Wherever it’s possible, individual attention to a student works like magic. While you must avoid making favourites (which is challenging in its own right), you can give every student a feeling that he/she is special to you. This can start by simply remembering the names of your students. Calling a student by name gives them the impression that everything they’ve said and done in class is being noticed by the teacher. They feel special, and want to stay tuned in kind.
You can also involve students in physical activities within the class. For example, if you want to explain a concept, which involves physical things like routers and computers, you can represent a student as a router and always create a scenario in which everyone is involved. You can have enough scenarios that every student gets involved at least once in every class (in case of a large number of students). This requires some planning, but the dividends and cognitive benefits to students are enormous.

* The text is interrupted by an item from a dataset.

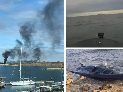 "Din imaginile video, se poate susține cu o probabilitate ridicată că: USV-urile au pătruns prin apărarea golfului Sevastopol. Aproximativ șase drone navă au fost implicate, iar cel puțin trei nave au fost lovite", a concluzionat GeoConfirmat.

Studying Mathematics and Science purely from a theoretical stand-point gives our students the impression that the practical world out there and what they are learning has no connection whatsoever. Of course nothing could be farther from the truth, but if no attempt is made to build and grow connections between studies and their real world application, students gradually lose interest and wander their minds away. Worse still is the student attitude where students take studies as some sort of exam-preparation, to be thrown away and forgotten as soon as exams are over.
This can be tackled by introducing projects. In my view, hands-on real world relevance of a topic is the most important aspect of learning. We seriously lack projects in our schools. This becomes more apparent as a student transitions into university. Hands-on can never beat merely telling the relevance with the real-world. So, set up a small project as your class goal. Then learn and teach concepts to help students complete that project.
Projects typically are designed for discovery and intuition. As a teacher you can ask your students to complete the project with minimal supervision. Make it an iterative process, rather than spoon-feeding everything. Let students learn by making mistakes.